Task – Retype every line from the one containing "Este cartão geométrico" through the last line of the records below, both included; leave out the pictures.
*** Recorded data Section Begins ***
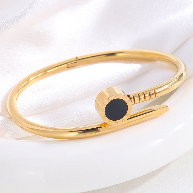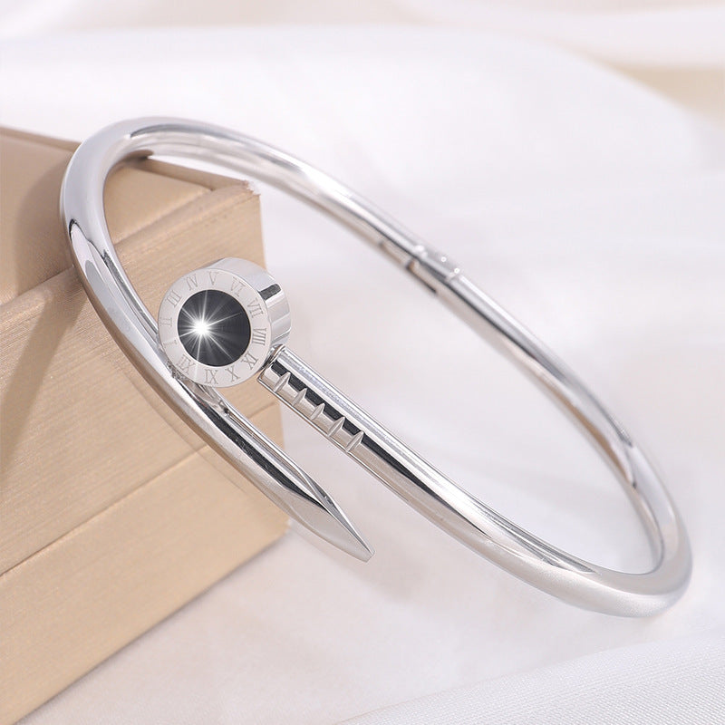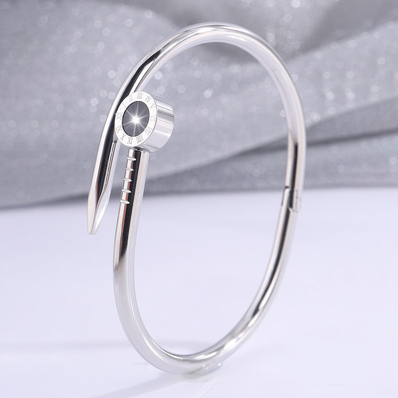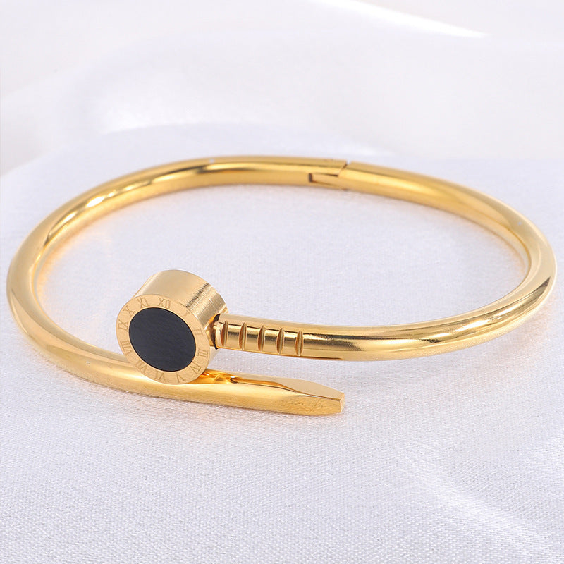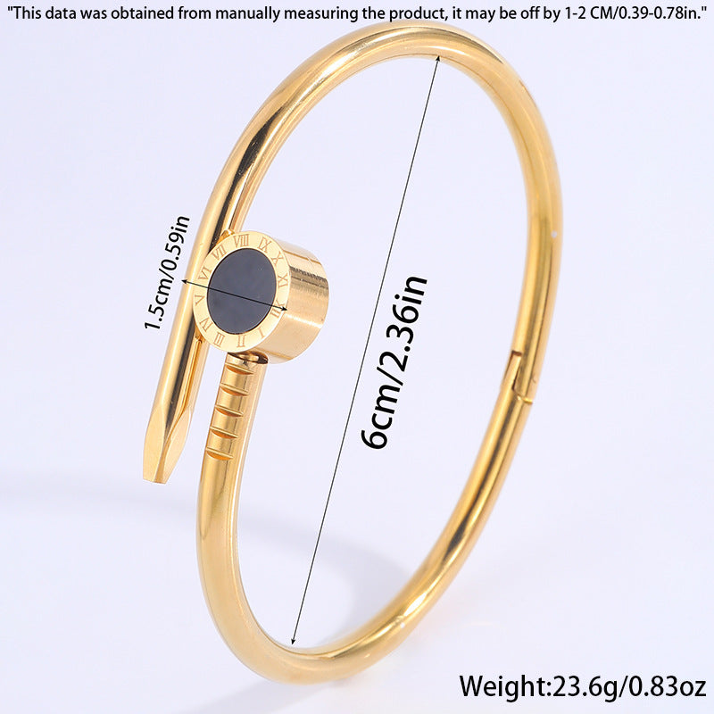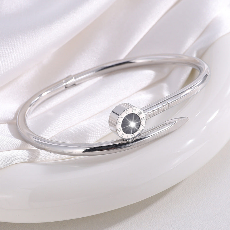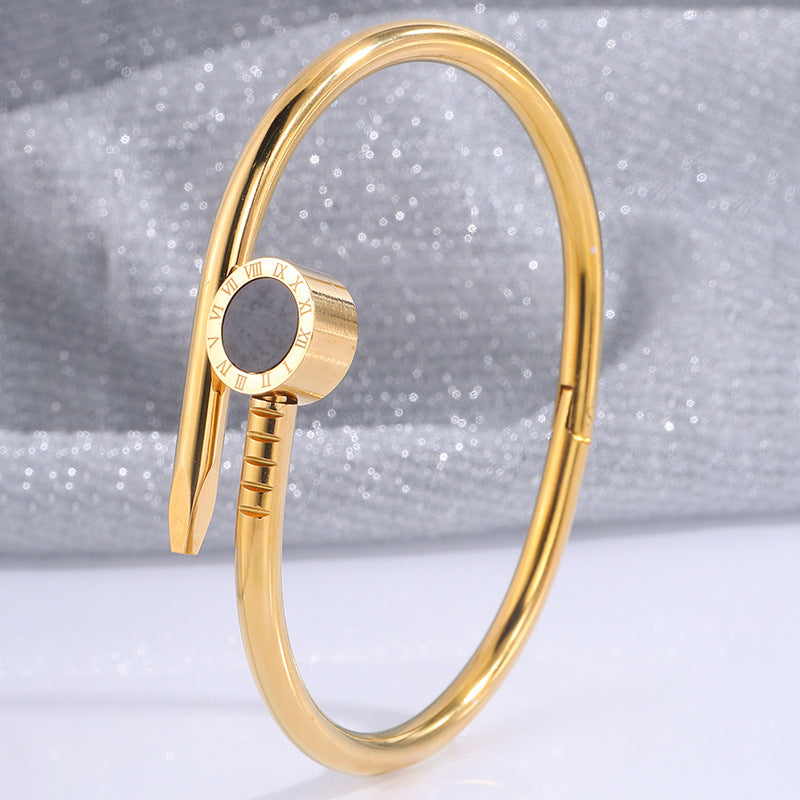 新款羅馬文鈦鋼手鐲歐美跨境釘子不掉色手環女高級感時尚輕奢手飾
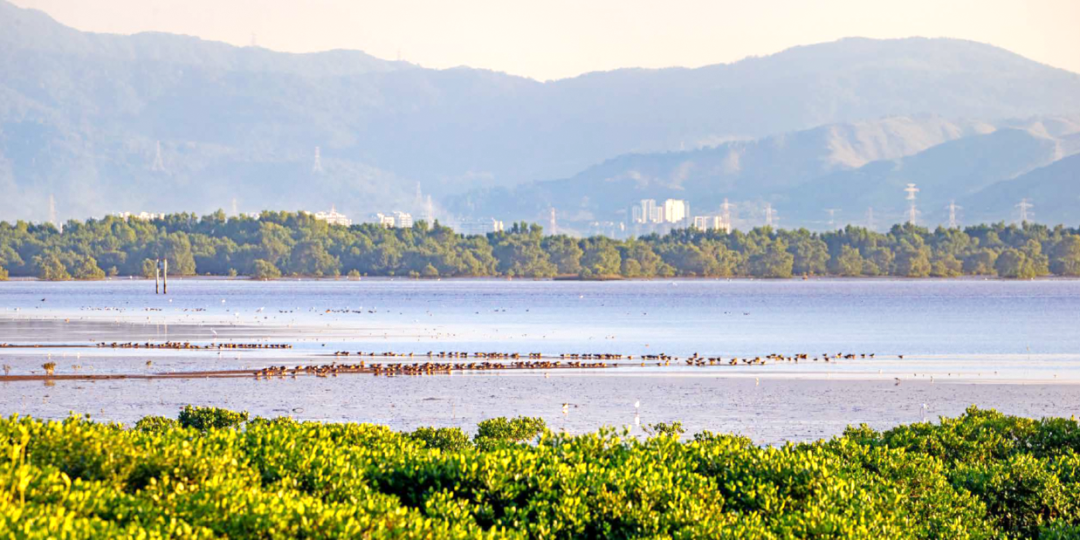 在七律《咏红树林海滨公园》一诗中,诗人描绘出日暮下漫步深圳福田红树林湿地十里长堤,看绿草茵茵,花朵娇艳美丽,使人心旷神怡。广东深圳福田红树林湿地作为全国唯一地处城市中心区的国家级自然保护区,与香港米埔自然保护区隔深圳河相望,共同构成了具有国际意义的深圳湾湿地生态系统。
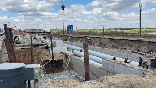 На мосту 60-летия ВЛКСМ активно ведутся работы по укладке теплосетей
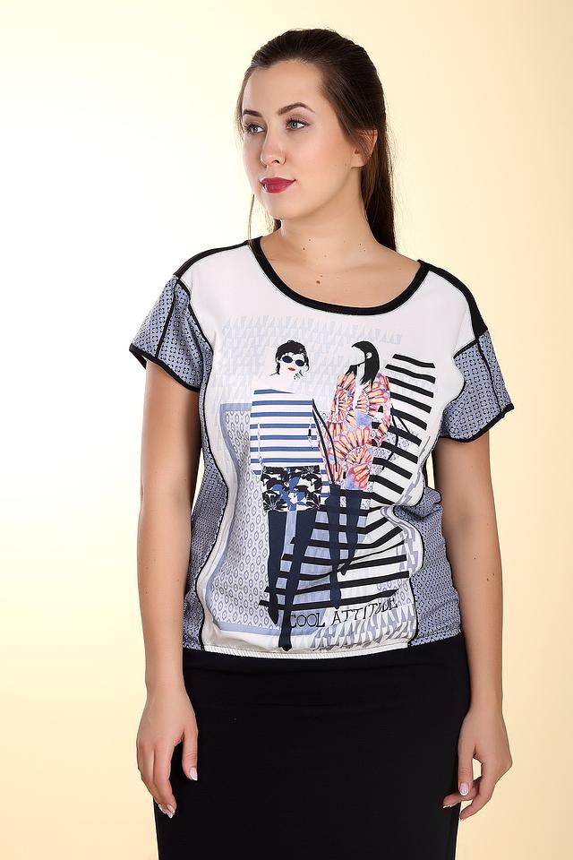Основной цвет блузы – белый, но её украшает эффектный принт с изображением девушек в стильной одежде. Принт выполнен в ярких и насыщенных цветах, что делает блузу особенно привлекательной.
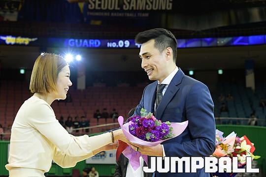 [점프볼=잠실/유용우 기자] 29일 잠실 실내체육관에서 열린 '2017-2018 정관장 프로농구' 서울 삼성과 부산 kt의 경기, 하프타임 농구인사들과 가족들이 참석한 가운데 주희정의 은퇴식이 진행됐다. 삼성 오동석 단장, 주장 김태술은 은퇴 기념 선물을 전달했다. KBL 이성훈 사무총장, 최명룡(전 나래 블루버드 감독), 이상민 감독 이현호는 주희정에게 기념 꽃다발을 건넸다. 주희정의 아내, 아이들도 코트에 나와 주희정의 은퇴식에 함께 했다.
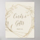 Este cartão geométrico de creme floral dourado e sinal de presentes é perfeito para um casamento elegante ou chá de noiva. O design moderno boho apresenta um arranjo caprichoso de flores desenhadas à mão com folha de ouro falso, folhas e botânicos em um fundo de creme. A linha de texto na parte inferior do sinal pode ser personalizada com a data, os nomes da noiva e do noivo, ou uma mensagem curta como "Obrigado". Este sinal pode ser usado para um casamento ou qualquer evento ou festa.
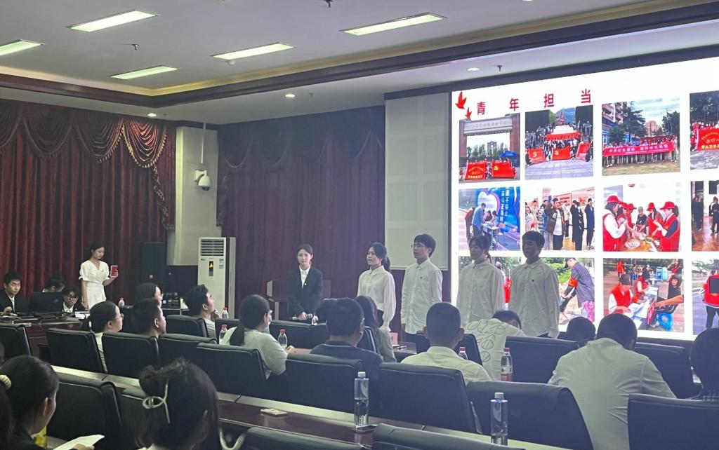 初心点亮新时代,青春献礼新征程,青年向党建新功。5月25日18:00,由校团委主办,建筑城规学院承办的校园之春微团课大赛决赛在笃学楼4305会议室举行。本次微团课以“学习二十大 永远跟党走 奋进新征程”为主题,经过各学院初赛,最终7支队伍挺进本次决赛。本次决赛评委由校团委副书记刘诗雨和各学院学工办主任李清玲、彭家正、黄川、罗秋芳、邹代旖、陈清清担任;各二级学院书记和部分同学作为嘉宾莅临现场观赛。
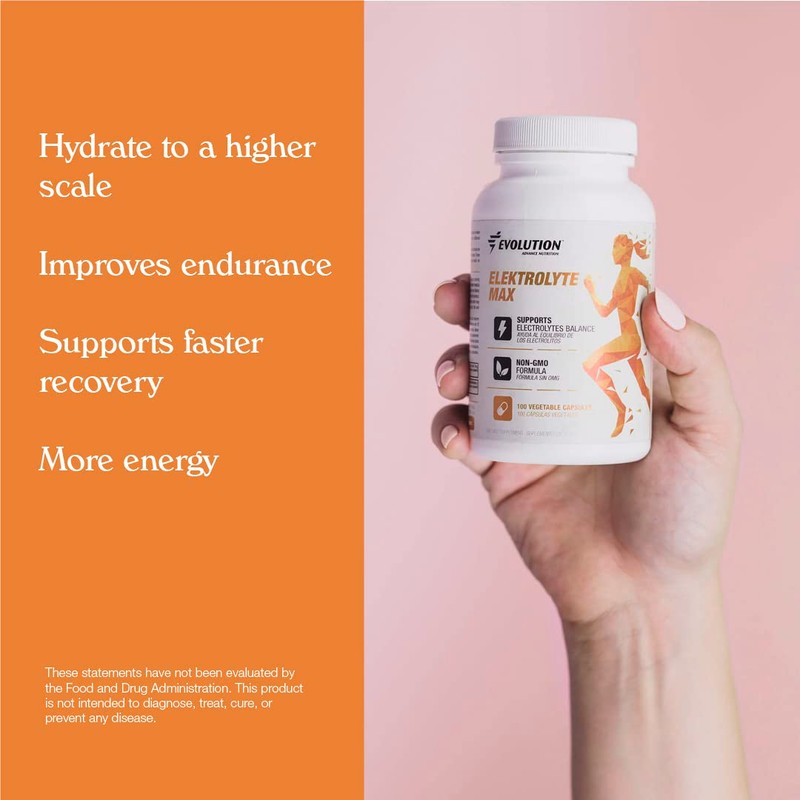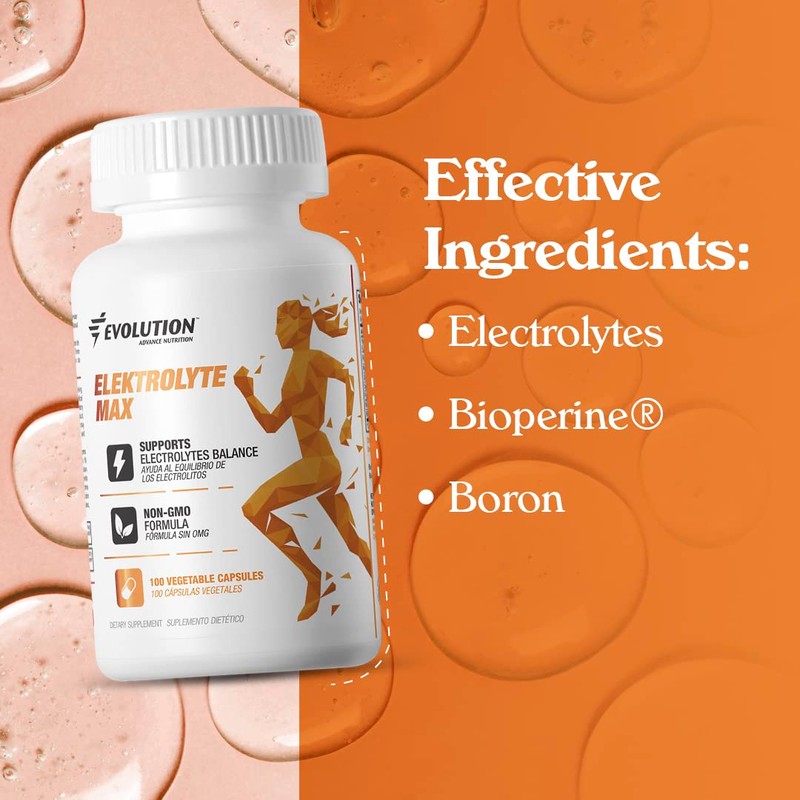 Evolution Advance Sport Nutrition Elektrolyte Max – Improves Endurance, Fast Recovery and Supports Electrolyte Balance – Non-GMO Formula - Dietary Supplement – 100 Vegetable Capsules
*** Recorded data Section Ends ***
Result for this task –
 Este cartão geométrico de creme floral dourado e sinal de presentes é perfeito para um casamento elegante ou chá de noiva. O design moderno boho apresenta um arranjo caprichoso de flores desenhadas à mão com folha de ouro falso, folhas e botânicos em um fundo de creme. A linha de texto na parte inferior do sinal pode ser personalizada com a data, os nomes da noiva e do noivo, ou uma mensagem curta como "Obrigado". Este sinal pode ser usado para um casamento ou qualquer evento ou festa.
 初心点亮新时代,青春献礼新征程,青年向党建新功。5月25日18:00,由校团委主办,建筑城规学院承办的校园之春微团课大赛决赛在笃学楼4305会议室举行。本次微团课以“学习二十大 永远跟党走 奋进新征程”为主题,经过各学院初赛,最终7支队伍挺进本次决赛。本次决赛评委由校团委副书记刘诗雨和各学院学工办主任李清玲、彭家正、黄川、罗秋芳、邹代旖、陈清清担任;各二级学院书记和部分同学作为嘉宾莅临现场观赛。
 Evolution Advance Sport Nutrition Elektrolyte Max – Improves Endurance, Fast Recovery and Supports Electrolyte Balance – Non-GMO Formula - Dietary Supplement – 100 Vegetable Capsules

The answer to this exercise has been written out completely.